*Task to carry out*: Retype the records below exactly as given, but only from the first line through the line with "此外,在政务区文一·名门首府", and without the pictures.

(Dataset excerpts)
○ ○ ○ ○ ○
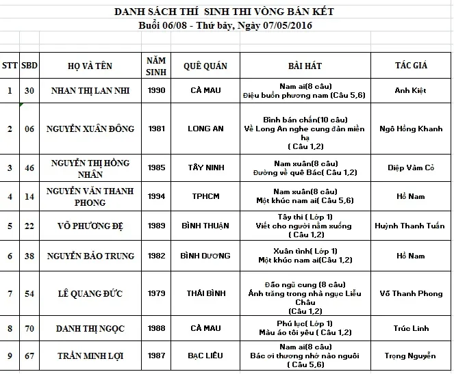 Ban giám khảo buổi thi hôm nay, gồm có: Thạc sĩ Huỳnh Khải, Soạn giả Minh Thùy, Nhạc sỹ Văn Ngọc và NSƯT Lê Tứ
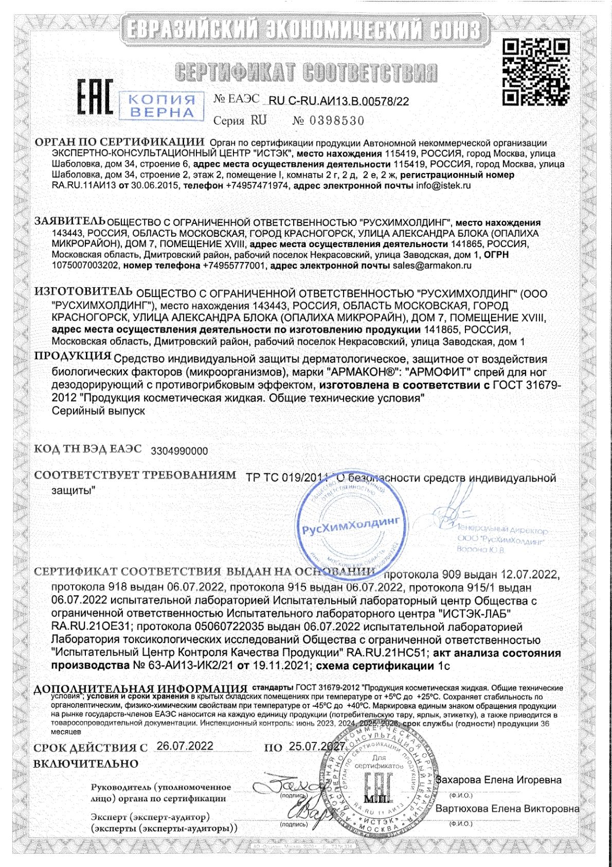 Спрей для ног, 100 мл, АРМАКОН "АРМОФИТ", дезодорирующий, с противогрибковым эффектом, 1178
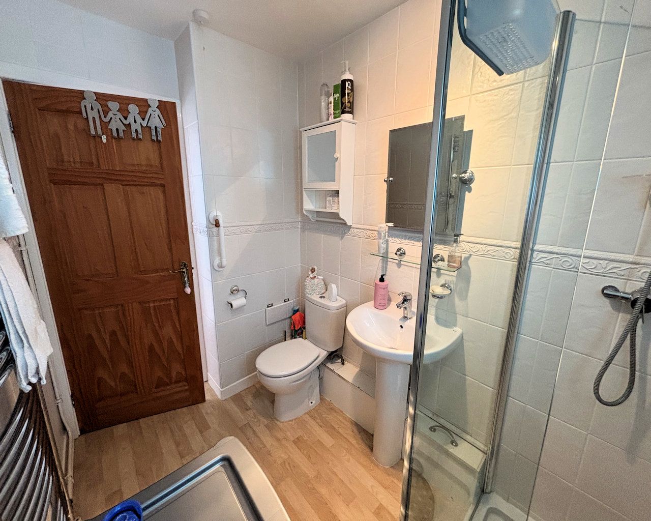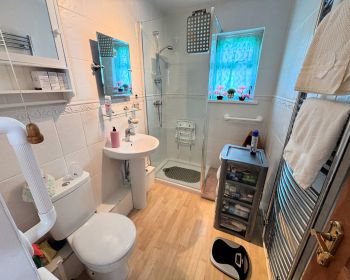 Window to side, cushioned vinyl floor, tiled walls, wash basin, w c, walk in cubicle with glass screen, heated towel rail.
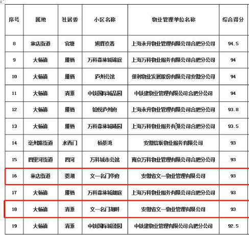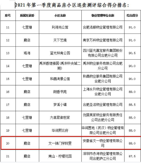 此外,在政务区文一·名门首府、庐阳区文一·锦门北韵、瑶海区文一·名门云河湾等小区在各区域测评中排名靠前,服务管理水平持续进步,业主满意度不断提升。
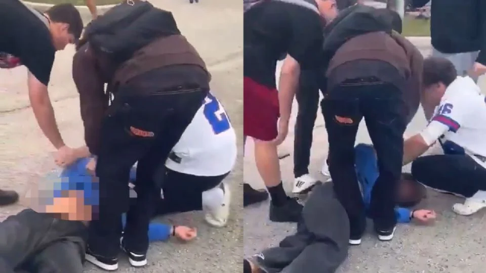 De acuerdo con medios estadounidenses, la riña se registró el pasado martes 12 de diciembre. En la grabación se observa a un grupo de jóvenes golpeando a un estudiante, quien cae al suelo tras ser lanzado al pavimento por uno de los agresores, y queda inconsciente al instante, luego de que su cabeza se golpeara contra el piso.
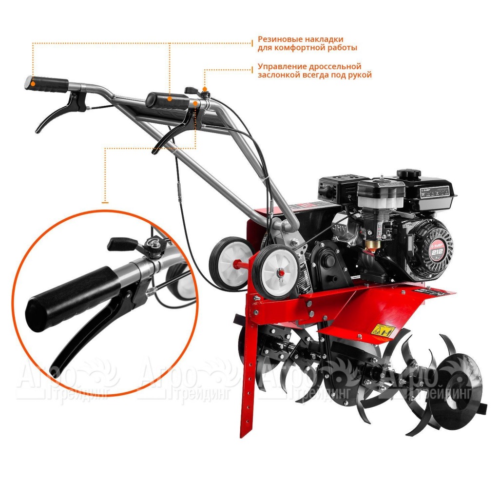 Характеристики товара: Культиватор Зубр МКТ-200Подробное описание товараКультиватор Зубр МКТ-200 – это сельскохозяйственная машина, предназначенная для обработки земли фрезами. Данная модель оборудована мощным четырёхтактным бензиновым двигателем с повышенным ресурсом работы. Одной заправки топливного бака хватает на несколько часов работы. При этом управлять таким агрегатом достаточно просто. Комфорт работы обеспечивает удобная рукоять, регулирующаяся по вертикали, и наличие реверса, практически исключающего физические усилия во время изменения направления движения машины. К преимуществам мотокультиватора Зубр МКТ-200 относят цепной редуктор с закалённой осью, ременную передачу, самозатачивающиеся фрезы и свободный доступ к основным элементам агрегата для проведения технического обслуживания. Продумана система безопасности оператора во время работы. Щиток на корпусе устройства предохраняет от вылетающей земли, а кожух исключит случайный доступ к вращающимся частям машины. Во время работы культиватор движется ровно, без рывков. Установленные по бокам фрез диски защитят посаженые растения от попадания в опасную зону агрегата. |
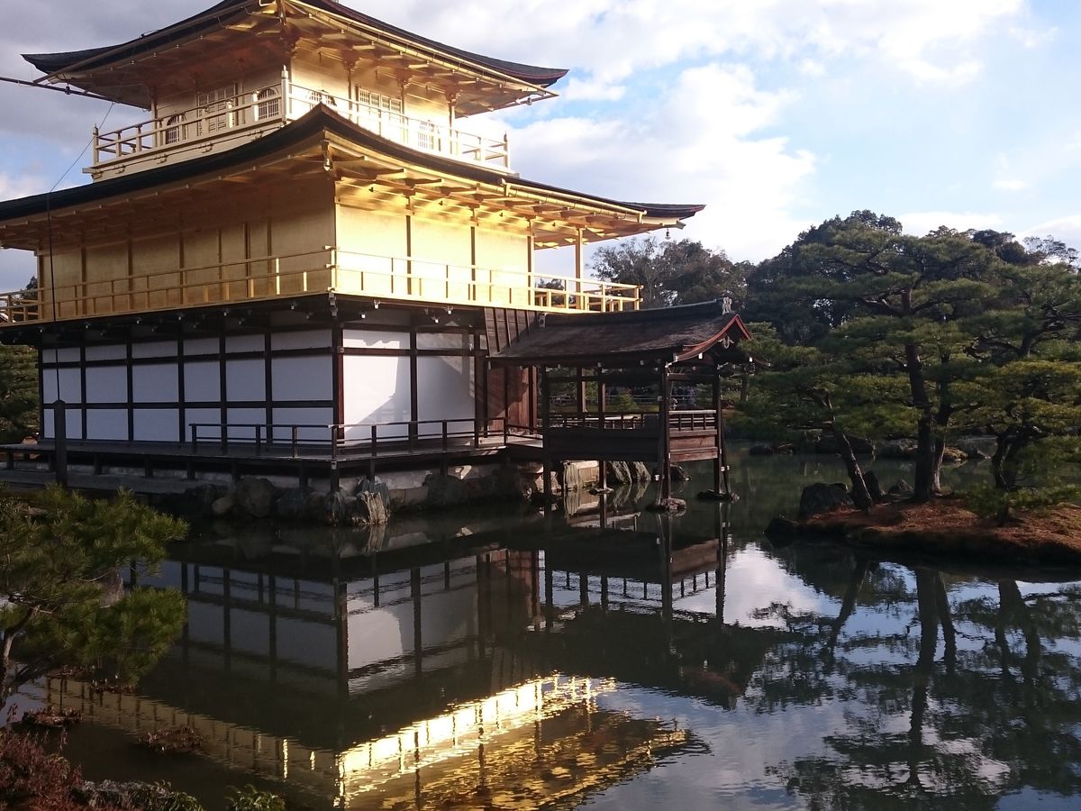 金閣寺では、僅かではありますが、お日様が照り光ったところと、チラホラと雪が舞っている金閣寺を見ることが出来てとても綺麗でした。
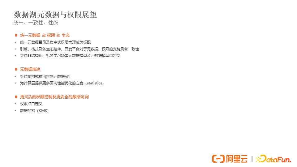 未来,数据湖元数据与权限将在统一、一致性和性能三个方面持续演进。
○ ○ ○ ○ ○
*Reply*:
 Ban giám khảo buổi thi hôm nay, gồm có: Thạc sĩ Huỳnh Khải, Soạn giả Minh Thùy, Nhạc sỹ Văn Ngọc và NSƯT Lê Tứ
 Спрей для ног, 100 мл, АРМАКОН "АРМОФИТ", дезодорирующий, с противогрибковым эффектом, 1178
 Window to side, cushioned vinyl floor, tiled walls, wash basin, w c, walk in cubicle with glass screen, heated towel rail.
 此外,在政务区文一·名门首府、庐阳区文一·锦门北韵、瑶海区文一·名门云河湾等小区在各区域测评中排名靠前,服务管理水平持续进步,业主满意度不断提升。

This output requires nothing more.